Summary of Statement No. 93

Statement No. 93
Replacement of Interbank Offered Rates
(Issued 03/20)

Some governments have entered into agreements in which variable payments made or received depend on an interbank offered rate (IBOR)—most notably, the London Interbank Offered Rate (LIBOR). As a result of global reference rate reform, LIBOR is expected to cease to exist in its current form at the end of 2021, prompting governments to amend or replace financial instruments for the purpose of replacing LIBOR with other reference rates, by either changing the reference rate or adding or changing fallback provisions related to the reference rate.

Statement No. 53, Accounting and Financial Reporting for Derivative Instruments, as amended, requires a government to terminate hedge accounting when it renegotiates or amends a critical term of a hedging derivative instrument, such as the reference rate of a hedging derivative instrument’s variable payment. In addition, in accordance with Statement No. 87, Leases, as amended, replacement of the rate on which variable payments depend in a lease contract would require a government to apply the provisions for lease modifications, including remeasurement of the lease liability or lease receivable.

The objective of this Statement is to address those and other accounting and financial reporting implications that result from the replacement of an IBOR. This Statement achieves that objective by:

  • Providing exceptions for certain hedging derivative instruments to the hedge accounting termination provisions when an IBOR is replaced as the reference rate of the hedging derivative instrument’s variable payment
  • Clarifying the hedge accounting termination provisions when a hedged item is amended to replace the reference rate
  • Clarifying that the uncertainty related to the continued availability of IBORs does not, by itself, affect the assessment of whether the occurrence of a hedged expected transaction is probable
  • Removing LIBOR as an appropriate benchmark interest rate for the qualitative evaluation of the effectiveness of an interest rate swap
  • Identifying a Secured Overnight Financing Rate and the Effective Federal Funds Rate as appropriate benchmark interest rates for the qualitative evaluation of the effectiveness of an interest rate swap
  • Clarifying the definition of reference rate, as it is used in Statement 53, as amended
Providing an exception to the lease modifications guidance in Statement 87, as amended, for certain lease contracts that are amended solely to replace an IBOR as the rate upon which variable payments depend.

Effective Date

The removal of LIBOR as an appropriate benchmark interest rate is effective for reporting periods ending after December 31, 2021. All other requirements of this Statement are effective for reporting periods beginning after June 15, [2021]. Earlier application is encouraged.The exceptions to the existing provisions for hedge accounting termination and lease modifications in this Statement will reduce the cost of the accounting and financial reporting ramifications of replacing IBORs with other reference rates. The reliability and relevance of reported information will be maintained by requiring that agreements that effectively maintain an existing hedging arrangement continue to be accounted for in the same manner as before the replacement of a reference rate. As a result, this Statement will preserve the consistency and comparability of reporting hedging derivative instruments and leases after governments amend or replace agreements to replace an IBOR.

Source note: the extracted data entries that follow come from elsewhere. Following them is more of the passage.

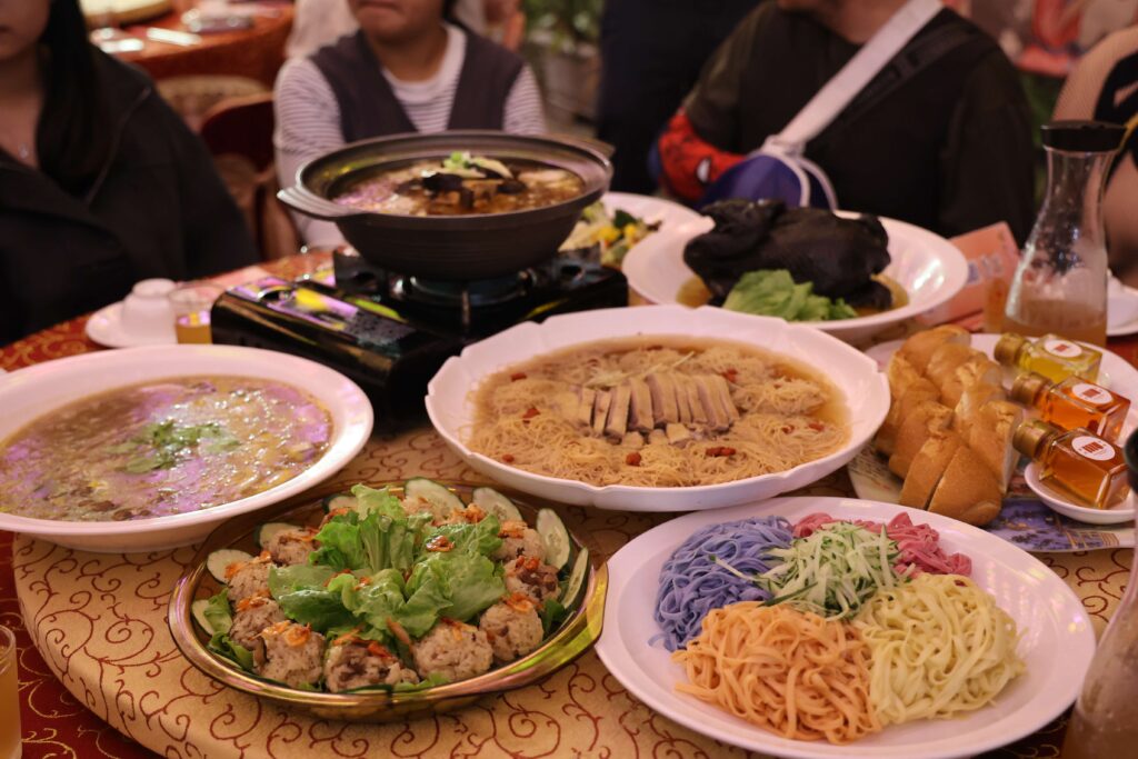 晚間宴席以品珍香麵包與順成油廠聯手的花生香吐司,以及海王子茶飲揭開序幕,再由阿海師鴨肉麵線、怪人花枝鱔魚羹、川龍食堂扁魚白菜、烏雞郎蒜頭薄荷烏骨夯雞、珍和蟹老闆結合萬源製麵舖推出的拳頭飯糰與涼麵等料理接續上桌,每一道菜皆融合地方食材特色,展現土庫風味與生活文化。尾聲則由古早味雙糕潤店與樂米工坊的米蛋糕作為壓軸,為整體餐席畫下甜美句點。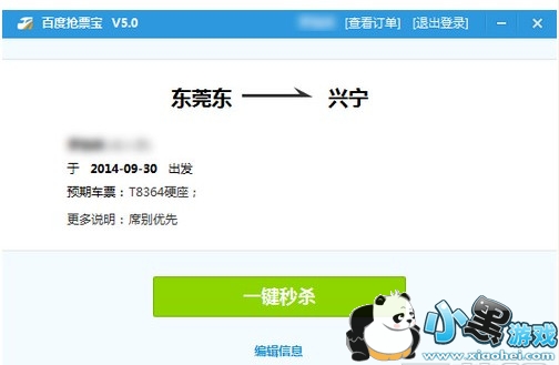 3、信息确认无误,点击【一键秒杀】开始抢火车票吧!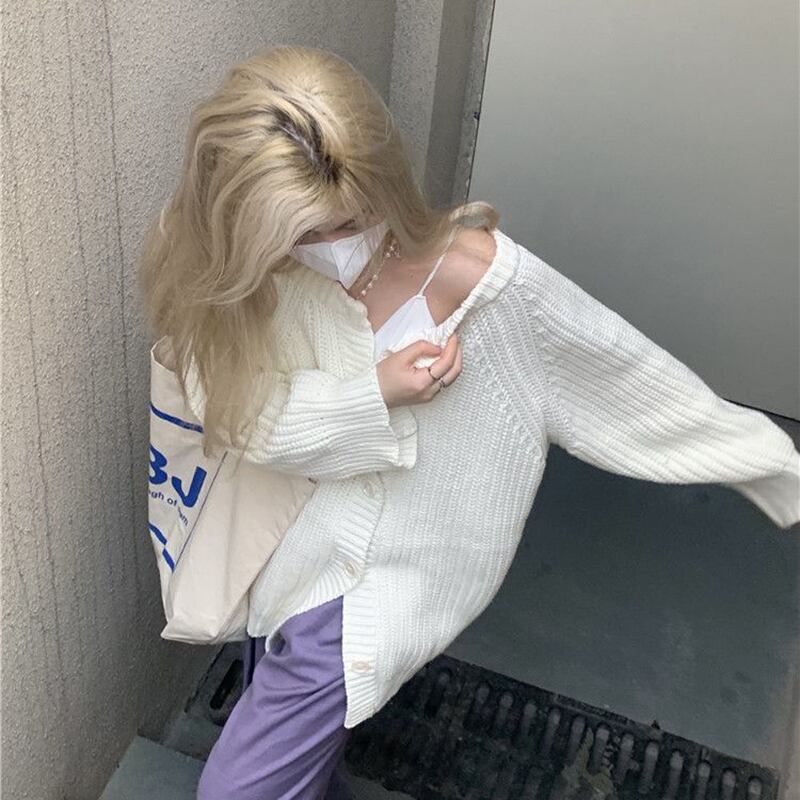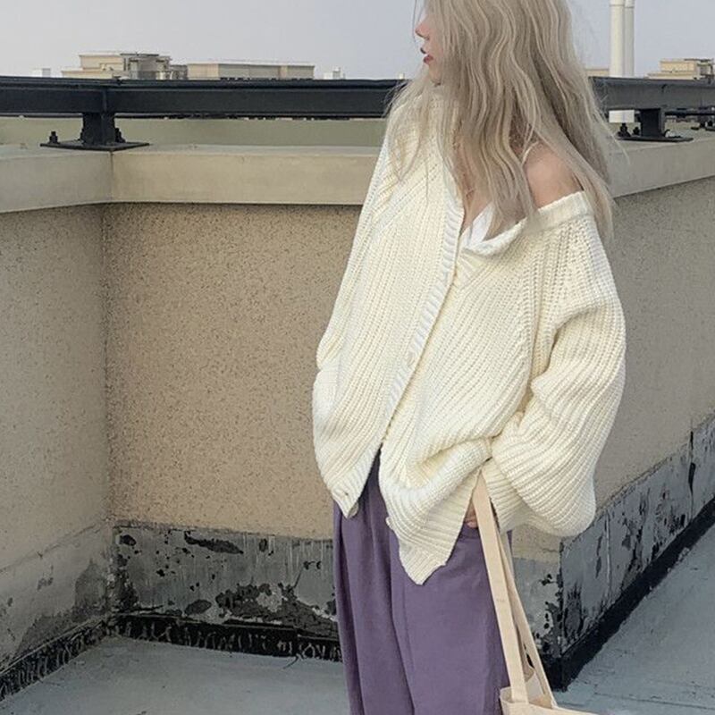 送料無料 Gidyq 女性カーディガンセーターストリートボタンルーズニットコートすべて一致ジャケット秋 オータム 秋物 AE008077654641943921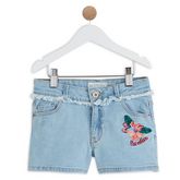 En savoir +Indispensable dans le dressing d’été des filles, le short en jean 5 poches se décline dans une version brodée avec haut de jambes effilochés dans un style tropical très estival !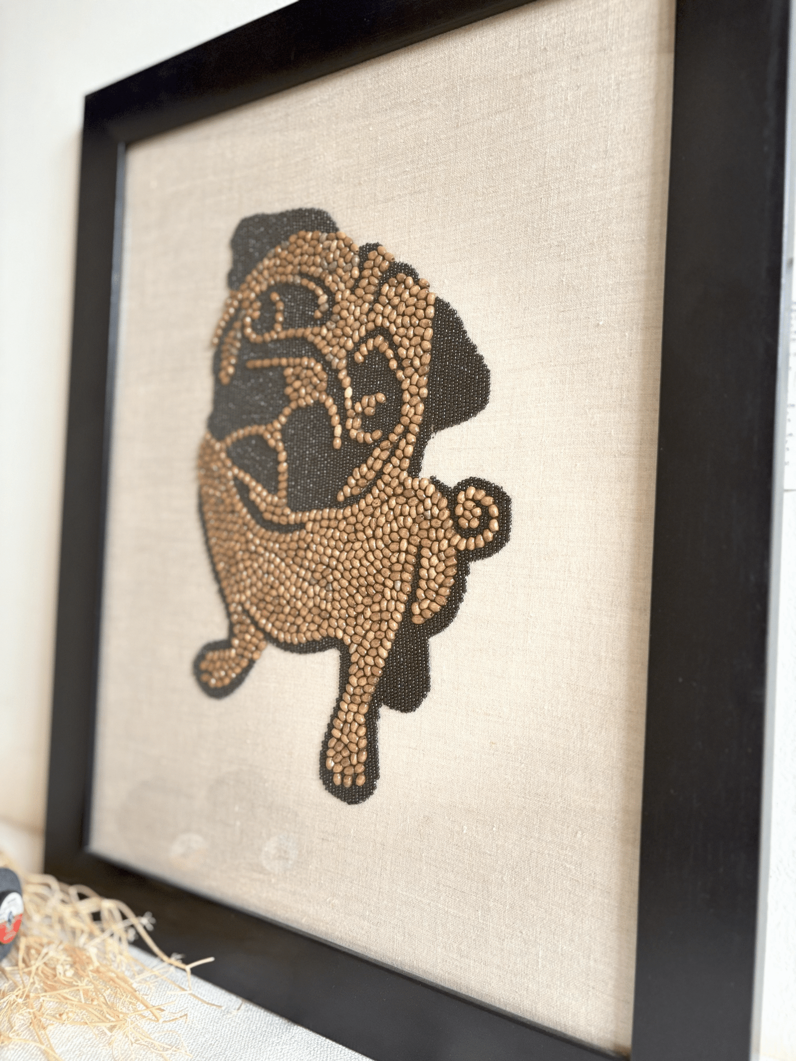 A charming pug dog, hand-embroidered with rich golden and black details, stands out against a crisp white background. Every stitch brings out the pug’s playful face and its cute, unique style. This unique handmade art piece is perfect for dog lovers and adds a fun, loving touch to any home

How the Changes in This Statement Will Improve Financial Reporting

The requirements of this Statement will enhance comparability in the application of accounting and financial reporting requirements and will improve the consistency of authoritative literature. More comparable reporting will improve the usefulness of information for users of state and local government financial statements.

How the Board Considered Costs and Benefits in the Development of This Statement

One of the principles guiding the Board’s setting of standards for accounting and financial reporting is the assessment of the expected benefits and perceived costs. The Board strives to determine that its standards address significant user needs and that the costs incurred through the application of its standards, compared with possible alternatives, are justified when compared to the expected overall public benefit. The Board believes that the expected benefits that will result from the information provided through implementation of this Statement—maintaining reliability, relevance, consistency, and comparability with regard to the replacement of IBORs—are significant and justify the perceived costs of implementation and ongoing compliance. The Board believes that the exceptions to the hedge accounting termination provisions and the lease modifications guidance, and the clarification that reference rate uncertainty per se does not affect the probability that an expected transaction will occur, will reduce costs for governments and facilitate governments’ transition from IBORs. To reduce the complexity and, thereby, the costs of implementing this Statement, and to further facilitate the transition from IBORs, the removal of LIBOR as an appropriate benchmark interest rate is effective after the other provisions of this Statement.

Unless otherwise specified, pronouncements of the GASB apply to financial reports of all state and local governmental entities, including general purpose governments; public benefit corporations and authorities; public employee retirement systems; and public utilities, hospitals and other healthcare providers, and colleges and universities. Paragraph 2 discusses the applicability of this Statement.